Exercise data:
-=-=-

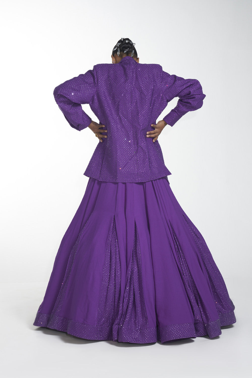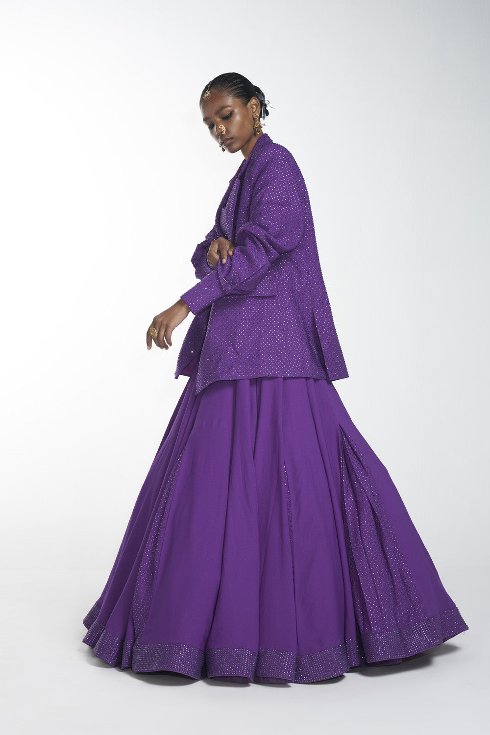 Tanzanite Lehenga & Square neckline sleeveless Blouse With Blazer. All in Crystal embellished crepe fabric.
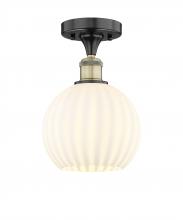White Venetian - 1 Light - 8 inch - Antique Brass - White Venetian Shade - Semi-Flush Mount
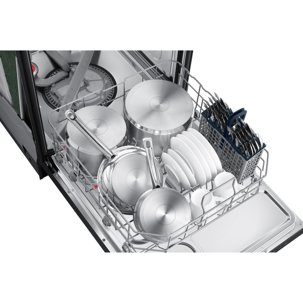 ×This Samsung 24-inch built-in dishwasher features 6 wash programs, 6 options, StormWash™ that gets the messiest pots and pans thoroughly clean without pre-washing and whisper-quiet cleaning.

-=-=-

About this exercise:
Images are to be omitted; repeat the remaining data above exactly.

Output:
 Tanzanite Lehenga & Square neckline sleeveless Blouse With Blazer. All in Crystal embellished crepe fabric.
White Venetian - 1 Light - 8 inch - Antique Brass - White Venetian Shade - Semi-Flush Mount
 ×This Samsung 24-inch built-in dishwasher features 6 wash programs, 6 options, StormWash™ that gets the messiest pots and pans thoroughly clean without pre-washing and whisper-quiet cleaning.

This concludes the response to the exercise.